This post is brought to you by seeing a series of posts on Facebook that demonstrated how many authors don’t understand rights. It’s long and boring and about contracts. Read it anyway.

Right. There’s been a rash of posts about the T&Cs of Apple’s new AI narration service whereby they offer to create a machine-narrated audiobook with no upfront cost to you.

I’m not here to talk about how, when you’re offered something for free, that usually means you’re the product. Or about how authors who throw voice artists under the bus will get zero sympathy from me when the flood of AI novels destroys Kindle Unlimited. Or how come so many people apparently haven’t seen Terminator 2. If you need my stance on AI, I’m insisting in anti-AI clauses in all my publisher contracts (human narrator for audiobooks, no AI on the cover, you may not feed my books into the maw for machine learning) and am prepared to walk away from a contract that doesn’t include them.

But we’re not talking about AI in this post. We’re talking about how to read a contract.

Here’s the text of one of the many posts I’ve seen on the subject of the Apple contract, all with a ton of shares with ‘Watch out!’ and angry face emojis. I picked this one out to quote solely because it was the first one I saw this morning. I’ve messed around with the text to prevent searching because I really don’t want to pick on an individual here: it’s just one example of a widespread misapprehension.

Apple are offering authors their new audiobook generator. It’s FREE! They’ll make and sell an audiobook for you! FREE AUDIOBOOK! They’ll even make you an AI cover if you don’t have one!

Here’s their contract:

“By using the service (Apple Books Digital Narration), I acknowledge that Apple owns all rights, title, and interest in and to the audiobooks created by Apple Audio AI, including all worldwide copyrights and other intellectual property rights therein.”

Did you pay attention to that, or were you just looking at MAKE A FREE AUDIOBOOK? Let’s look at it again.

“Put your ebook into our AI software for an audiobook that we will own all rights to. All rights.”

They don’t even have to pay you royalties. They probably will, for the first while, so you spread the word about their AI audiobook offer. But they don’t have to, and there’s no reason for them to. And when they stop paying–or pull back previously paid royalties–you have no legal grounds to protest, because you signed away all the rights. And if they choose to keep selling their audiobook, maybe after you decide you’d rather sell a version by a human narrator, I guess you should have thought of that before giving them all the rights.

This person is spot on about not trusting this offer (as well as their points about the ethical bankruptcy of how AI has been trained, which I didn’t include). They are entirely wrong about the meaning of the clause.

We’re now going to talk about Grant of Rights.
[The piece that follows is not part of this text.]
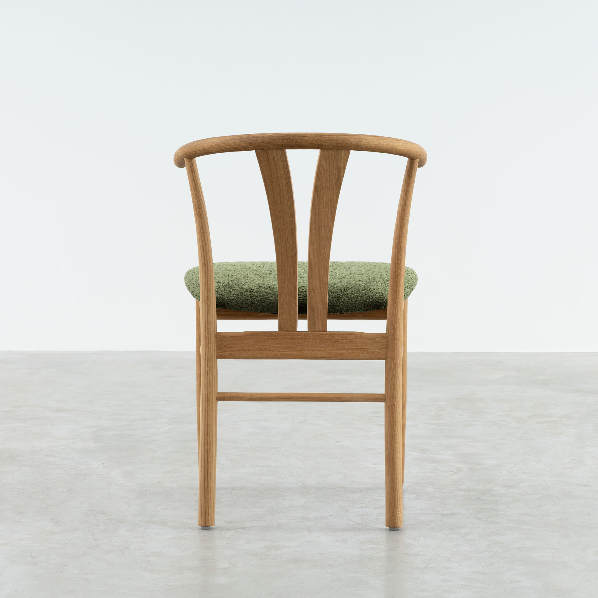 Chair Miias shows that the beloved combination of oak wood and textile never gets old. The oak wood is finished with a natural oil and the seat upholstery is available in four colors.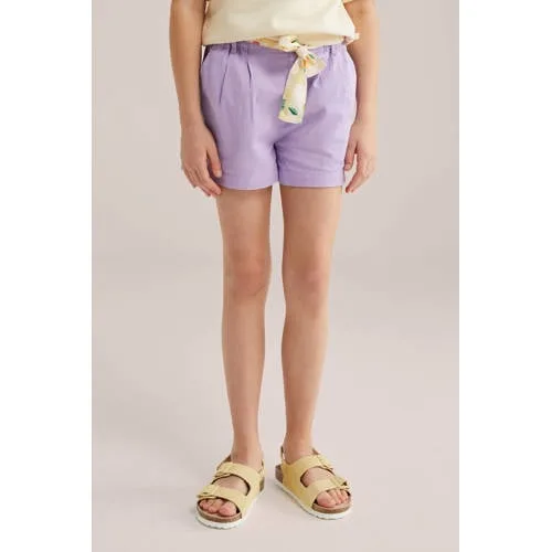 Zonnige dagen vragen om luchtige basics zoals deze meisjes short van WE Fashion. De short heeft een relaxed fit, wat zorgt voor een comfortabele, iets ruimere pasvorm waarin zij vrij kan bewegen. De zachte, lila kleur geeft direct een speelse uitstraling. Gemaakt van 100% katoen voelt het materiaal soepel aan op de huid, ideaal voor dagelijks gebruik.Handige details voor elke dag Gemaakt van 100% katoen voor een zachte, ademende feel Elastische tailleband voor gemakkelijk aan- en uittrekken Rechte pijpen voor een ontspannen, casual look Steekzakken aan de voorkant voor kleine schatten of handige opbergruimte Lintceintuur met fruitprint als kleuraccent Wordt geleverd met bijpassend sjaaltjeLuchtig gemak voor speel- en schooldagenDeze korte broek past goed bij het dagelijkse leven van peuters, kleuters, schoolkinderen en tieners. Of ze nu speelt in de tuin, een dag naar school gaat of meegaat naar de stad, de elastische taille en de rechte pijpen geven haar genoeg bewegingsvrijheid. In de zakken kan zij makkelijk kleine spulletjes kwijt.WE Fashion voor het hele gezinWE Fashion staat voor toegankelijke mode voor het hele gezin, met collecties die goed aansluiten op het dagelijks leven. De kinderkleding is ontworpen met aandacht voor pasvorm, draaggemak en heldere kleuren. Zo combineert WE Fashion praktische details met een moderne, herkenbare stijl.Een vrolijke basic voor haar kast, geschikt voor dagelijks gebruik.

First a story I have told before, several times:

At a conference contracts panel

Me: Hands up who isn’t clear what “Grant of Rights” means in a publishing contract.

[most hands go up]

Me: Keep your hand up if you’ve signed a publishing contract.
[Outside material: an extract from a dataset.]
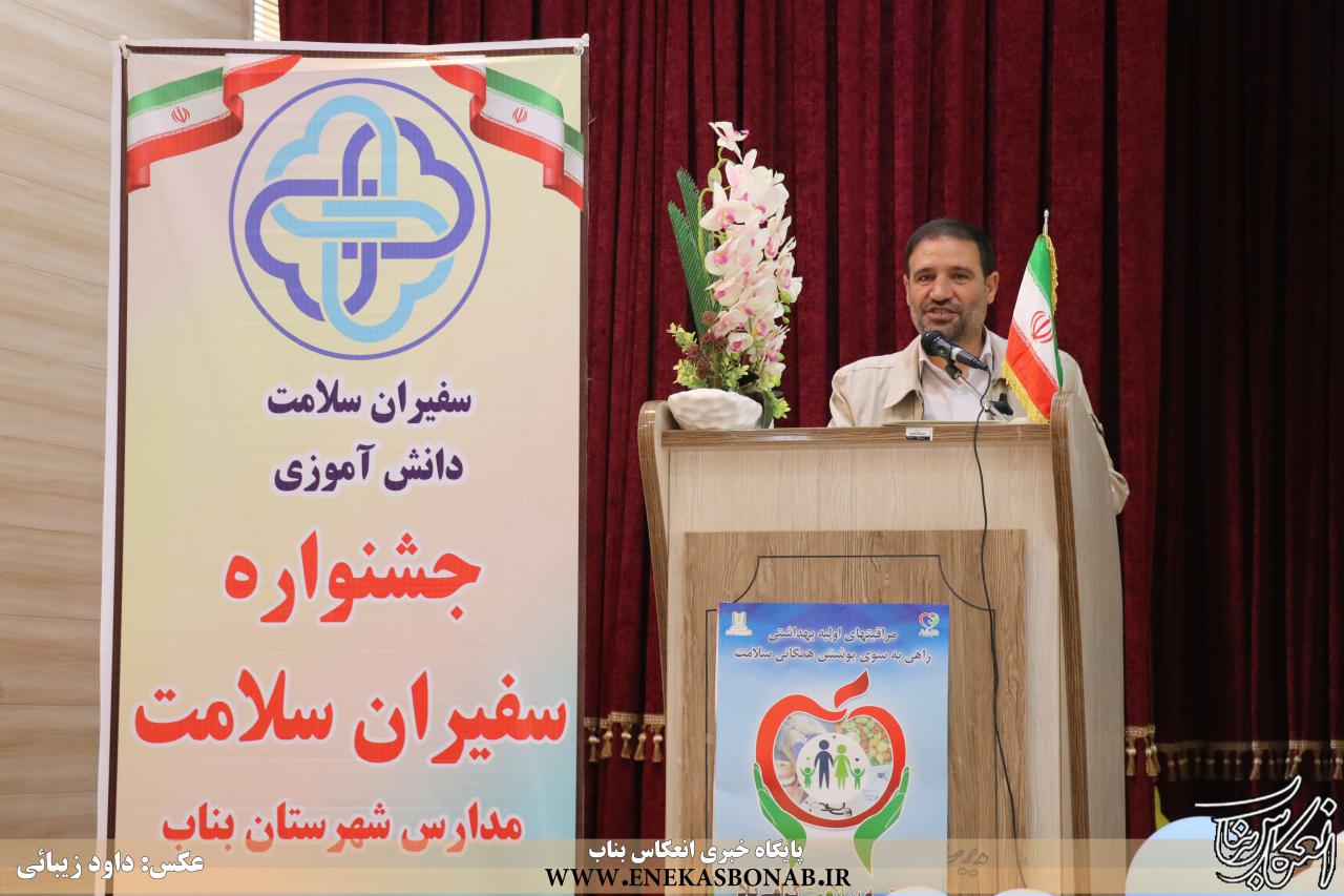 به گزارش انعکاس بناب، نهمین جشنواره سلامت و نوجوان سالم با حضور نماینده مردم بناب در مجلس شورای اسلامی، فرماندار، رئیس آموزش و پرورش و جمعی از دانش آموزان دوره اول و دوم ابتدایی و اول و دوم دوره متوسطه در نالار علم این شهرستان برگزار شد.

[most hands stay up. Embarrassed laughter.]

I’m side eyeing all of you.

The Grant of Rights in a standard contract might go:

The Author hereby grants and assigns to the Publisher, during the full term of copyright in each country comprising the Territory and any renewals, continuations, and extensions thereof, on the terms herein set forth, the exclusive right to publish, print, distribute, license and sell the Work in any and all formats licensed herein, in the Licensed Language(s), throughout the Territory. The foregoing grant of rights includes, without limitation, the exclusive right to exercise all rights in the Work referred to in Paragraphs 3B and 3C hereof. All rights not expressly granted to Publisher pursuant to this Agreement are reserved to the Author.

My God that’s boring. But if your eyes glaze over this in your own contract you’re making a very big mistake because this is where the crucial stuff lies.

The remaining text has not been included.